What’s blue and doesn’t fit?
A dead epileptic.
------------
So a guy is walking with a young boy into the woods.
Boy “hey mister its getting dark out and I’m scared”
Man “how do you think I feel, I have to walk back alone”
--------------
Why was the leper hockey game cancelled?
There was a face off in the corner
-----------
and an oldie but goodie.
A guy sits at a bar in a skyscraper restaurant high above the city. He slams a shot of tequila, goes over to the window and jumps out.
The guy sitting next to him can’t believe what he just saw. He’s more surprised when, 10 minutes later, the same guy walks back into the bar and sits down next to him.
The astonished onlooker asks, “How did you do that? I just saw you jump out the window, and we’re hundreds of feet above the ground!”
The jumper responds by slurring, “Well, I don’t get it either. I slam a shot of tequila, and when I jump out the window, the tequila makes me slow down right before I hit the ground. Watch.” He takes a shot, goes to the window and jumps out.
The other guy runs to the window and watches as the guy falls to just above the sidewalk, slows down and lands softly on his feet. A few minutes later, the jumper walks back into the bar.
The other guy has to try it, too, so he orders a shot of tequila. He slams it and jumps out the window. As he reaches the bottom, he doesn’t slow down at all. SPLAT!
The first guy orders another shot of tequila. The bartender shakes his head. “You’re really an a**hole when you’re drunk, Superman.”
and finaly.
While playing in the backyard, Little Johnny kills a honeybee.
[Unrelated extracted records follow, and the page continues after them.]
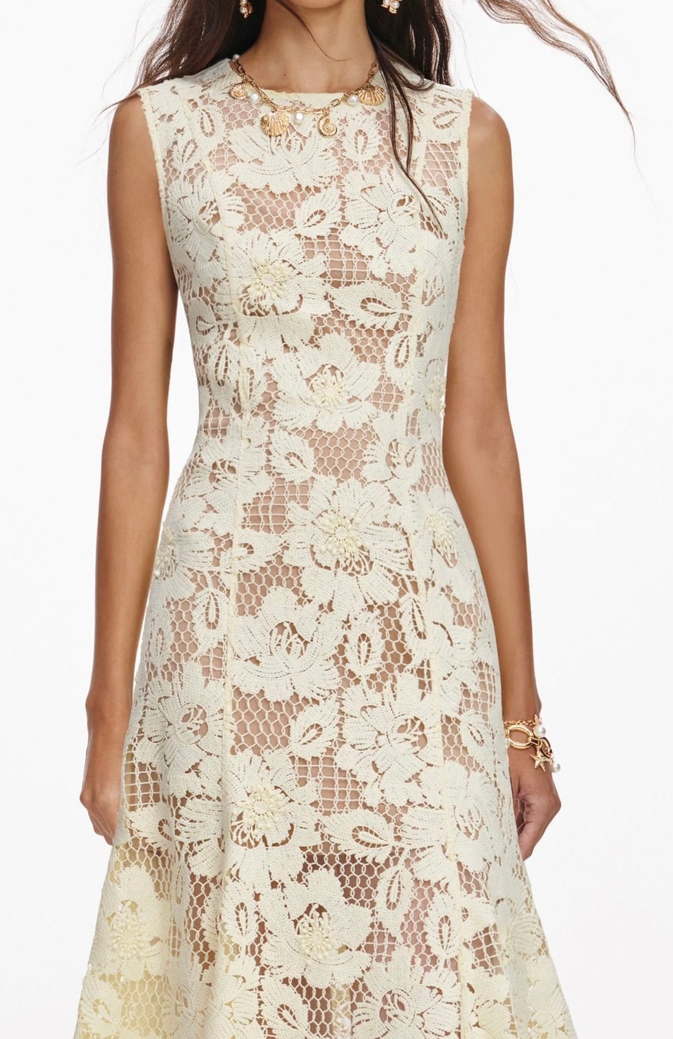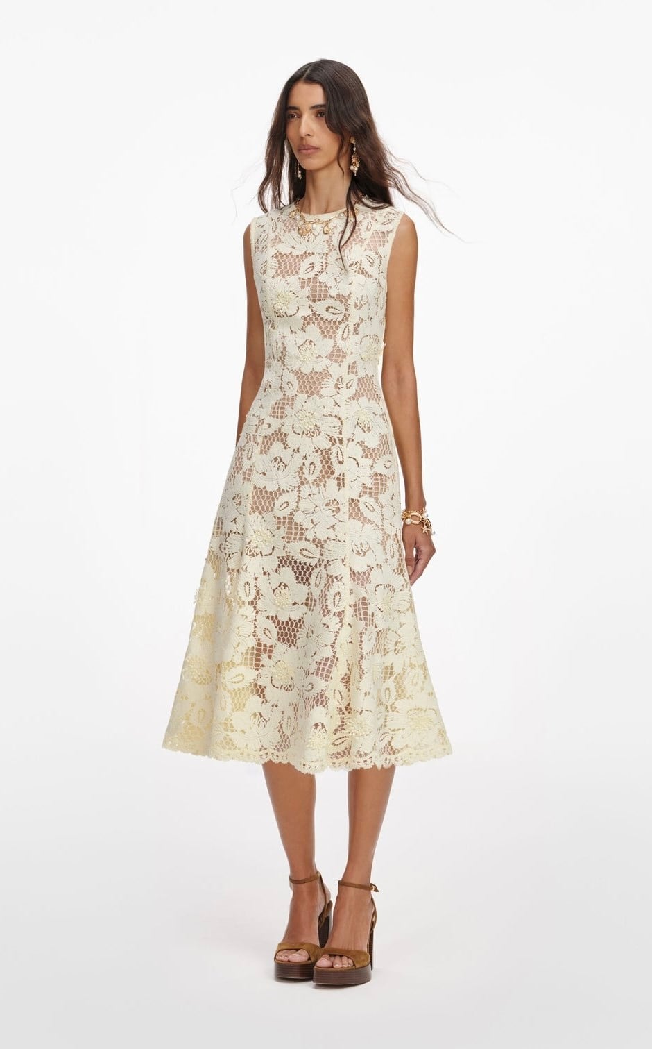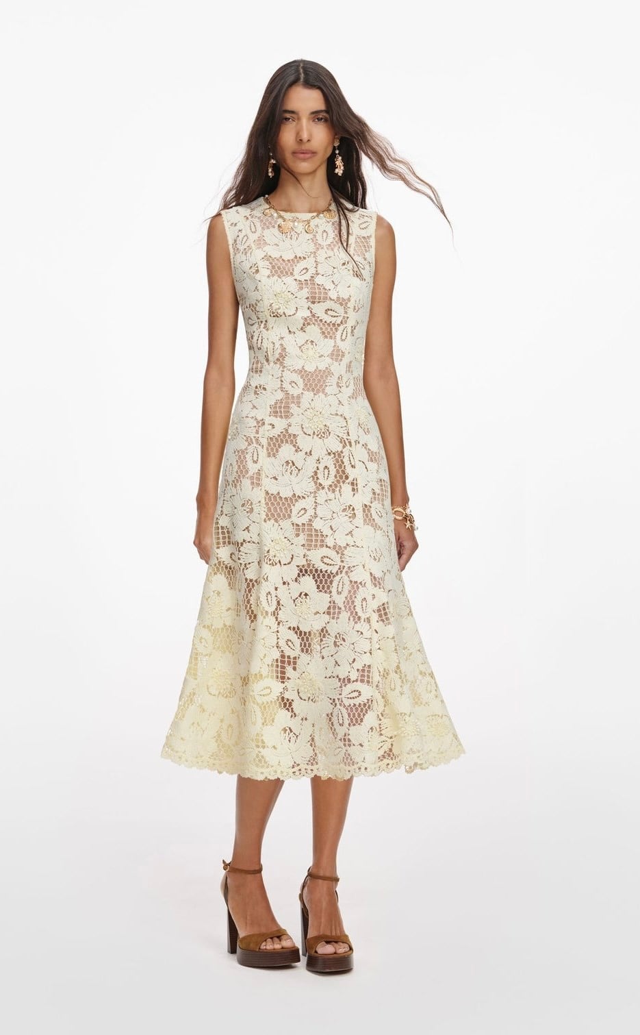 Bisiklet Yaka Astarlı Kurdele Detaylı Midi Boy Sarı Dantel Elbise (DA0003590)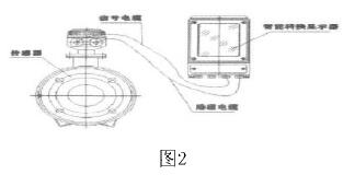 化工污水管道流量計是由流量傳感器和轉換器(也叫顯示器)兩大部分組成。測量管上下裝有激磁線圈,通激磁電流后產生磁場穿過測量管,一對電極裝在測量管內壁與液體相接觸,引出感應電勢,送到轉換器。激磁電流則由轉換器提供。如圖2所示: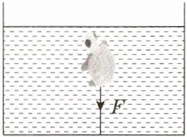9. 如图所示,体积为200 cm³的玩具在轻质绳子拉力F = 1.2 N的作用下浸没在水中,处于静止状态(ρ水 = 1.0×10³ kg/m³,g取10 N/kg),此时玩具受到的浮力为_______N,受到的重力为_______N。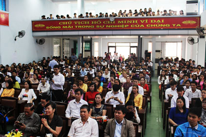 Ảnh : Các vị đại biểu cùng các lưu sinh viên dự mít tinh tại hội trường lớn.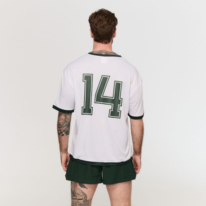 Ta zračna mrežasta majica vas bo pritegnila s svojim modernim oversized krojem s kratkimi rokavi in okroglim izrezom, ki zagotavlja, da vas pri gibanju popolnoma nič ne ovira. Študentski košarkarski stil poudarjajo obrobe na rokavih in ovratniku, dopolnjujejo pa ga drzen potisk na prsih in športna številka na hrbtu. Zaradi takšnega videza je to nepogrešljiv kos vaše športne in sproščene garderobe. Nosite jo v fitnesu, pri igranju košarke ali preprosto na potepu po mestu s prijatelji.

His father sees him killing the honeybee and angrily says, "No honey for you for one month!"
Later that afternoon, Johnny's dad catches him tearing the wings off a butterfly. "That's it! No butter for you for one month!" says his dad.
Later that evening as Johnny's mother cooks dinner, a cockroach run across the kitchen floor. She jumps and stomps on it, and then looks up to find Little Johnny and her husband watching her.
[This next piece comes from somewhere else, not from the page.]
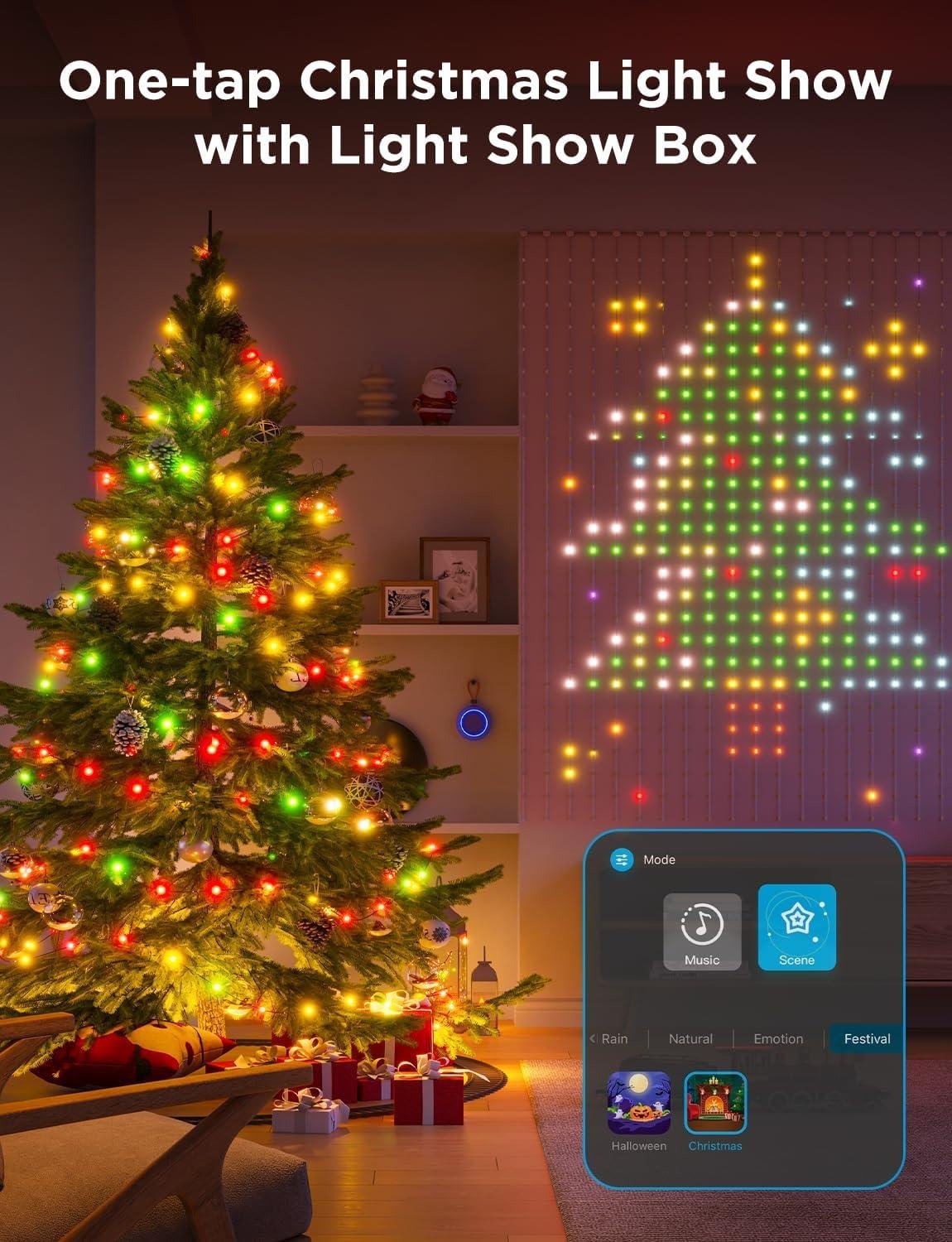 Govee Christmas Lights Set, Includes Curtain Lights, Christmas String Lights and Light Show Box, Christmas Decorations for Indoors and Outdoors, Christmas Light Show Kit, Preset Holiday Scene Modes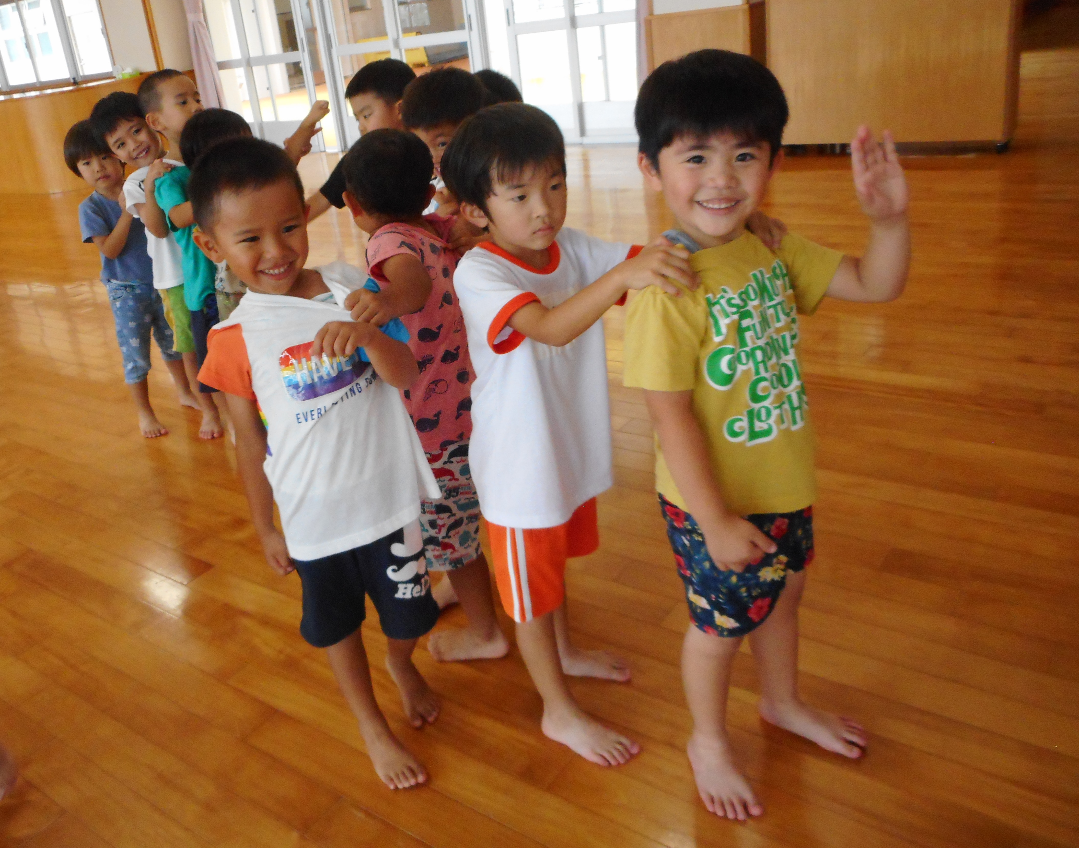 今日は遊戯室で「じゃんけん列車」を行いました。音楽に合わせてお友達と一緒に列車になり、音楽止まったらお友達と「ジャンケン ポンッ」とジャンケンを楽しむ姿が見られました。

Little Johnny looks at his father and says, "Are you going to tell her, Dad, or do you want me to?"
Why wasn't chicken able to cross the road ?
A man is sentenced to death but can choose between several ways to go, so he picks a huge grill. He's placed on the grill and executioner puts on a fire under him. After around 10 minutes, the man says: "More coal!" So more coal is placed. Again, 10 minutes later, the man says: "More coal!" so even more coal is placed. Yet another ten minutes later, the man opens his mouth and the executioner says: "Yes yes I get it, more coal, right?" To which the man answers: "No no, the amount of coal is fine, I just wanted to inform you that you can flip me over, because this side is well done."
I dunno why ?
Also: why does a jew pick his nose ?
Its cheaper than using a tissue
How many babies does it take to paint a wall
Depends on how hard you throw them
A ROTR Themed one : how do you get 6 million jews in a lynx ?
Throw a Penny in the lynx
How do you get them all out again ?
Tell them Adolf Hitler is driving
Why can’t orphans play baseball?
They dont know where home is
Alright, that's enough jokes about holocaust victims. Come up with something that isn't about tragedy victims or I'll close this topic. We aren't 4chan, after all, we require a certain amount of human decency from all posters.
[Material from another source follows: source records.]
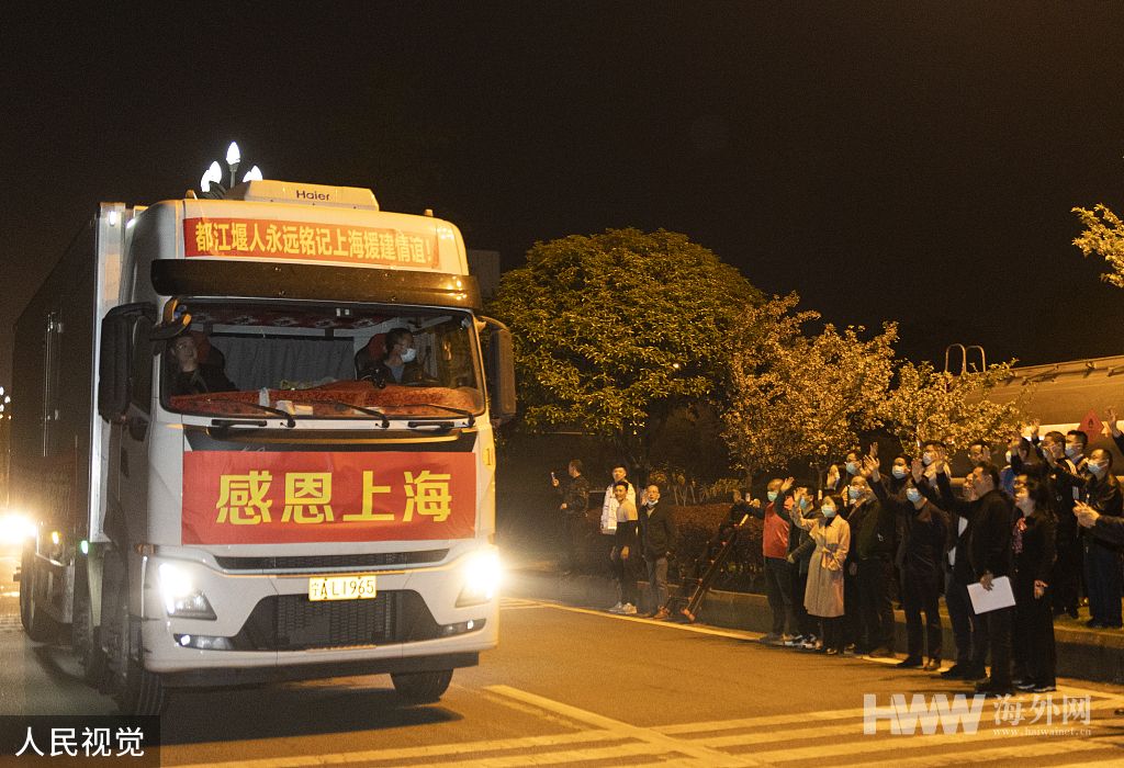 3月28日晚,十台满载着120余吨新鲜时蔬的货运车辆,从四川都江堰集结出发开往上海,在这个难忘的春日,向上海市民带去都江堰的暖心问候和美好祝愿。当日晚,十台满载着120余吨新鲜时蔬的货运车辆,从四川都江堰集结出发开往上海。据悉,都江堰市各大蔬菜基地、蔬菜种植专合组织和蔬菜龙头企业等接到供应需求后,纷纷积极响应,火速组织采摘,在最短时间内将120余吨蔬菜准备到位。(何勃/人民视觉)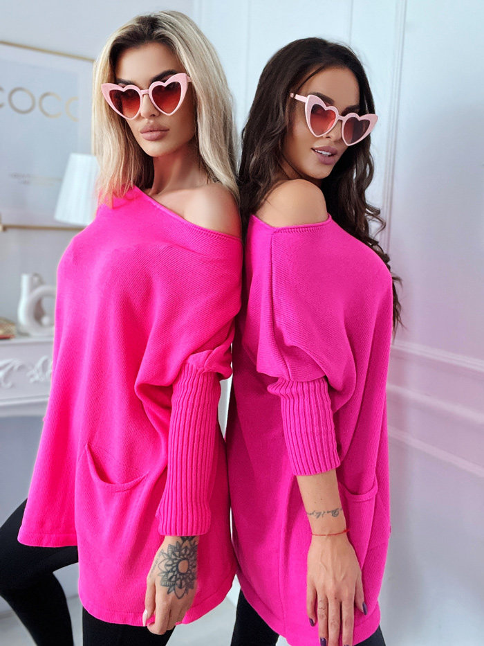 Damski długi sweter fuksja 142224F
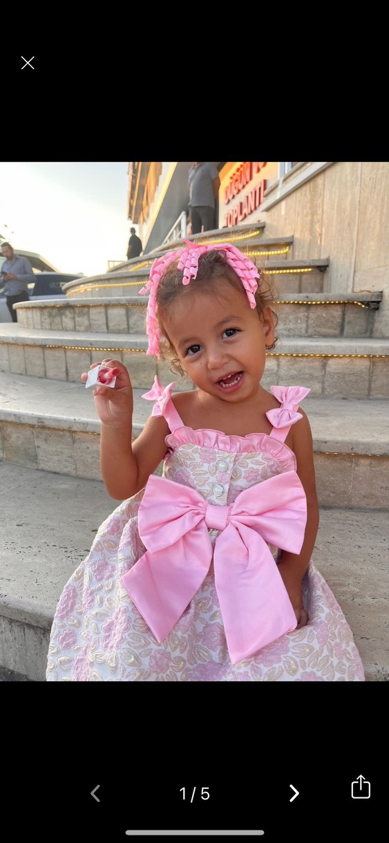Pembe nakışlı, straplez ve askılı pamuklu kumaştan yapılmış, büyük fiyonk detaylı, klasik zarafette bohem tarzda kız çocuk elbisesi. 1 2 yaş geçiyor ama 3 yaşada olur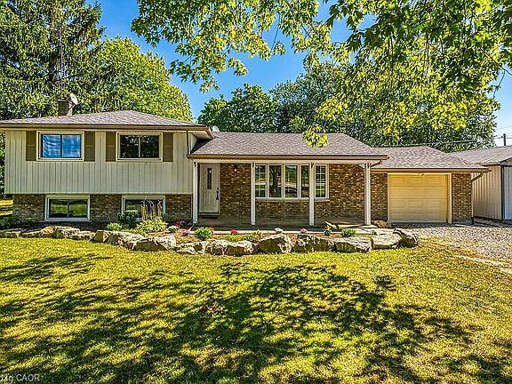 Welcome to this beautifully renovated 3-bedroom, 3-level side split home, ideally situated on a spacious corner lot. Combining modern elegance with rustic charm, this property offers the perfect blend of style, space, and functionality—ideal for families or anyone seeking a versatile home. Inside, luxury vinyl flooring flows throughout, creating a cohesive and durable foundation on every level. The heart of the home is a bright, open kitchen featuring a central island, sleek stainless-steel appliances, backsplash. Adjacent, the dining area opens via sliding doors to the backyard deck, seamlessly connecting indoor and outdoor living. The spacious living room is bathed in natural light from a large bay window and features a cozy electric fireplace, while pot lights throughout the main level enhance the inviting atmosphere, inside entry from garage. A rustic staircase with panelled walls leads to three comfortable bedrooms. The primary has been newly renovated and boasts a wall-to-wall closet with barnboard doors, merging rustic charm with modern design, and a newly renovated 5pc bathroom. The fully redone basement is a true highlight, offering a large recreation room perfect for family gatherings, hobbies, or entertainment. A dedicated office area provides an ideal space for remote work or study, and the laundry/mud room includes a convenient walk-up basement with a separate entrance—perfect for storage, added functionality, or private guest/in-law access. Step outside to your private country retreat. The backyard features a charming gazebo, a hot tub, a versatile workshop for projects and hobbies, and a thriving garden area. The driveway accommodates 10+ vehicles, easy in-and-out with two side driveway entrances, large corner lot 174.76 X 216 ft which you will appreciate. Recent updates include luxury vinyl flooring, renovated basement, primary bedroom, freshly painted interiors (2024), bath renovation (2025), B/I microwave, washer & dryer, water heater owned (2023).

1)Q: How do you call a place in a cemetery for the cemetery-keeper? A: Living area.
2)Q: What is the difference between russian wedding and russian funeral? A: There is one drunkard less.
3)Q: There are two people in the car: one black man and one mexican. Who is driving? A: The policeman. (please don't ban me )
4) One little boy was swinging back and forth while sitting on chair. He fell down and broke all six legs.